The aggregate set of aerobic and anaerobic EFMs was processed using a phenotypic tradeoff analysis with Pareto optimization of biomass production relative to O₂ availability, as described previously in Carlson and Srienc, 2004 [9]. EFMs that permitted optimal acclimation to gradients of O₂ scarcity had the lowest substrate operating costs (C moles glucose consumed/C mole biomass produced and moles O₂ consumed/C mole biomass produced) defining a Pareto front. Four EFMs defined the Pareto surface with the applied constraints (Figure 1, Appendix A).

2.2. Model Modifications

The regulation network applied in Orth et al. [44] was examined for refinement. A modification to formate metabolism was made based on experimental data. Formate has been measured in E. coli cultures in the presence of O₂. The pyruvate formate lyase (PFL) enzyme, which produces formate, is O₂ sensitive, but activity is possible when dissolved O₂ concentrations are low, as occurs when cells grow rapidly or in high density cell cultures [14,15,45,46]. In the regulation network, the PFL enzyme was disabled in the presence of O₂ by transcriptional regulators ArcA and FNR. Removing this regulation rule for formate metabolism resulted in a ∼10-fold increase in the number of total EFMs (Table 1) and a slightly different Pareto front, which predicted formate production at low O₂ availability (Figure 2), consistent with experimental data and previous EFM analyses [9,14,15,46]. Briefly, the Pareto front included the most efficient EFM for producing biomass from glucose, the upper left EFM, which also had a relatively high O₂ requirement. As environmental O₂ availability decreases, optimal use of the network shifts right along the Pareto front quantifying the increased requirement for glucose as metabolic byproducts are secreted. The first predicted byproduct moving down the Pareto surface was acetate, followed by a combination of acetate and formate and, finally, under anaerobic conditions acetate, formate and ethanol.
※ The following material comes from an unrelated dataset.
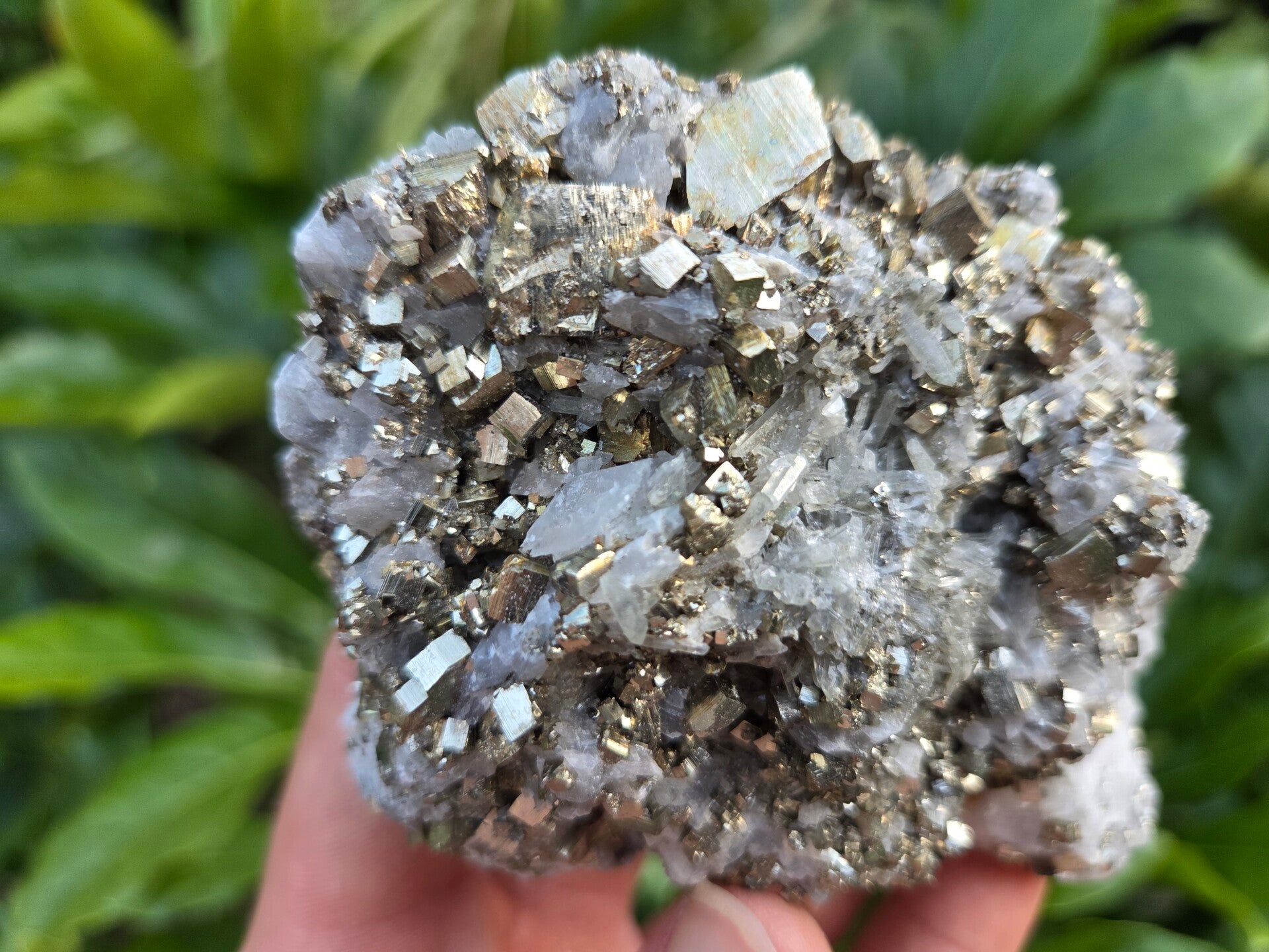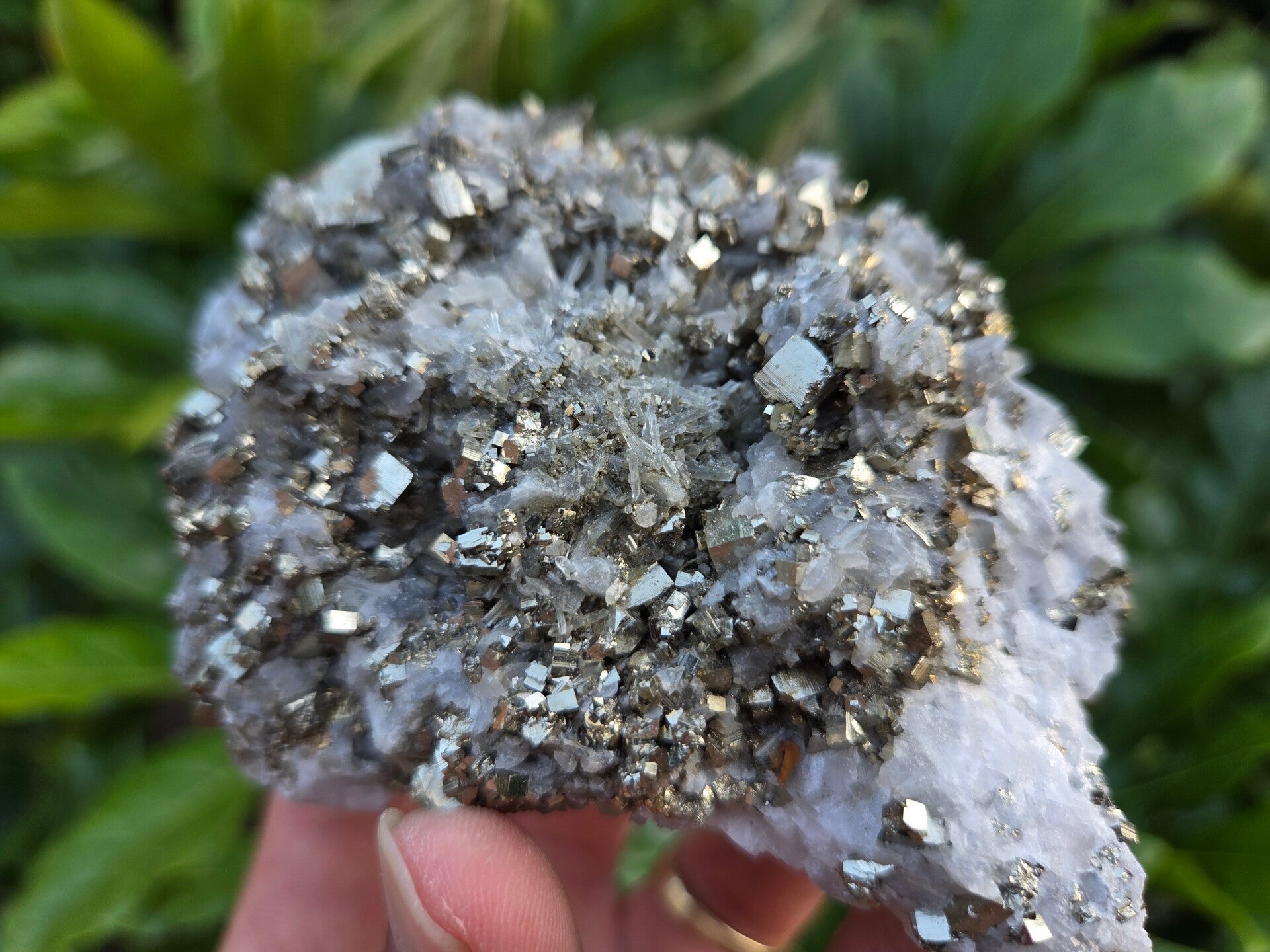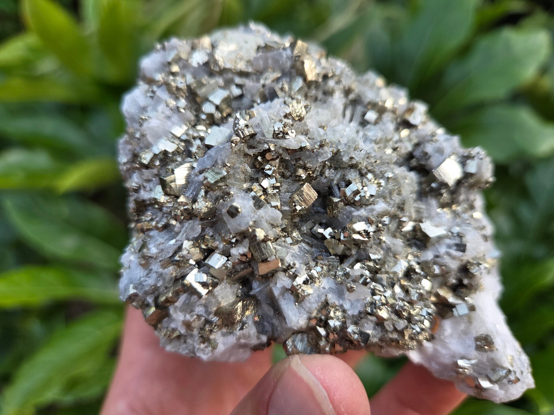 een stuk kwarts met pyriet en calciet er tussen die roze word met uv licht uit madan, bulgarije van 9,1 cm bij 8,4 cm bij 3,1cm

The E. coli core model was originally formulated for Flux Balance Analysis (FBA) [47] and the biomass synthesis reaction did not include maintenance energy. The biomass reaction was modified to facilitate its integration with EFMA by account of the maintenance energy required for a culture with a 40 min doubling time. The biomass reaction was also updated to create a biomass elemental stoichiometry, including the degree of reduction, consistent with experimental measurements. A detailed explanation of the modifications and additional results are provided in Appendix B and Appendix C.

3. Discussion

The presented aspefm method greatly improves the calculation of constraint-based EFMs. It is capable of enumerating the EFMs of interest without having to calculate and store the complete set of EFMs and it negates the requirement for secondary processing required to select the desired subset. Indeed, E. coli core contained

226.6 \times 10^{6}

EFMs (251 GB) which were computed using EFMtool in 34.1 h [25]. When the regulation network rules were considered, using tool RegEFMTool, the number of EFMs dropped to

2.1 \times 10^{6}

(2.3 GB) with a run time of 7.1 h. The substantial requirement for disk space to store the complete set of EFMs hampered further analysis. In contrast to these DD-based methods, aspefm makes it possible to integrate a large number of constraints reducing the calculation of non-relevant EFMs. The ASP-based method calculates the desired EFMs relatively quickly without the need for huge storage capacity. In addition, while FBA-based problems are often easily solved, they typically only identify solutions when the constraints make the solution space convex. For example, when stoichiometric and thermodynamic constraints are considered together, the set of possible flux configurations does not generally define a convex set, and thus, it is generally difficult to solve with FBA-relevant optimization algorithms, contrary to the presented analysis. See [48] for a review that tackles the different class of problems.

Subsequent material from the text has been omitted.